What a realm is, on disk and in the kernel¶
Creating a realm materializes three things on the host:
- A containerd namespace — all containers the realm runs live in a dedicated containerd namespace, named
kukeon-<realm>by default. Images pulled into one realm are not visible from another. - A cgroup subtree —
/sys/fs/cgroup/kukeon/<realm>— used as the root for every space and stack inside the realm. This gives you a single place to attach quotas or account usage across the realm. - Metadata at
/opt/kukeon/<realm>/realm.yaml(under the run path, which is configurable via--run-path). This is the authoritative record that the realm exists; the daemon reconciles state from it.
Realm spec¶
apiVersion: v1beta1
kind: Realm
metadata:
name: main
labels: {}
spec:
namespace: kukeon-main
registryCredentials: [] # optional, per-registry
The full schema is in Manifest Reference → Realm.
Key fields:
metadata.name— the realm's name, used everywhere as therealmId.spec.namespace— the containerd namespace. Defaults to the realm name (orkukeon-<name>when bootstrapped bykuke init); you can set it explicitly.spec.registryCredentials— a list of registry logins for images this realm pulls. Scoped to the realm: two realms can use the same image reference with different credentials.

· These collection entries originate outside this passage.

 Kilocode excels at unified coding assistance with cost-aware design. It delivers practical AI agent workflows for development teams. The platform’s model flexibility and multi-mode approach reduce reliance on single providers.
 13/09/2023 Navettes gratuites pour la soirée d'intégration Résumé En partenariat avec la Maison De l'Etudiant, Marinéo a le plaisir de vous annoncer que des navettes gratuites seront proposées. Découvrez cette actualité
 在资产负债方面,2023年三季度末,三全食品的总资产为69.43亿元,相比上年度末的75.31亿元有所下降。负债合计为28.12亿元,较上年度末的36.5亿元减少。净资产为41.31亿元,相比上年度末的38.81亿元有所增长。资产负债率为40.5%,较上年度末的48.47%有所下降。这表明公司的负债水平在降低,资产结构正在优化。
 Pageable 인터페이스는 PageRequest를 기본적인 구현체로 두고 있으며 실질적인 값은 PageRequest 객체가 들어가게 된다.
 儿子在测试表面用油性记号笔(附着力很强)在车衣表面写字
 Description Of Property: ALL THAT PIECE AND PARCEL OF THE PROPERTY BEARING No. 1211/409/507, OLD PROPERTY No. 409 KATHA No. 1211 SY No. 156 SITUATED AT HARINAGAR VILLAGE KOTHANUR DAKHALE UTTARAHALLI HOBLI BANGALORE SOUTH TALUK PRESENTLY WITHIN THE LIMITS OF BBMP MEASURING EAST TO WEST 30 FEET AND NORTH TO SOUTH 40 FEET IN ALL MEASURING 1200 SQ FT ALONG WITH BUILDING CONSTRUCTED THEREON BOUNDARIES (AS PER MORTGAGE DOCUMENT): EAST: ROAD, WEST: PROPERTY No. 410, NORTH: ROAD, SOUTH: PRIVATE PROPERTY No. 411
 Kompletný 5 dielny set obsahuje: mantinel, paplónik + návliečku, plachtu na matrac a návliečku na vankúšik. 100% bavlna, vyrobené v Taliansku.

Realms and containerd namespaces¶
Every containerd operation Kukeon performs is scoped to a namespace. If you want to inspect what a realm sees, use ctr with the same namespace:
# List images in the `main` realm
sudo ctr -n kukeon-main images ls
# List running tasks (containers) in the `main` realm
sudo ctr -n kukeon-main tasks ls
Inspecting a different namespace (or no namespace) will not show anything Kukeon created for main. This is the main mechanism that gives realms their tenancy guarantee.
Why you might want more than one realm¶
- Environments —
dev,staging,prodas three realms on the same host. - Tenants — one realm per user or project on a shared host.
- Registry credentials — different teams pull from different private registries.
- Accounting — one cgroup subtree per realm makes it easy to bill or enforce quotas.
Operations¶
# Create
sudo kuke create realm mytenant --namespace kukeon-mytenant
# Get (list)
sudo kuke get realms
# Get (single, as YAML)
sudo kuke get realm mytenant -o yaml
# Delete (with --cascade to remove children)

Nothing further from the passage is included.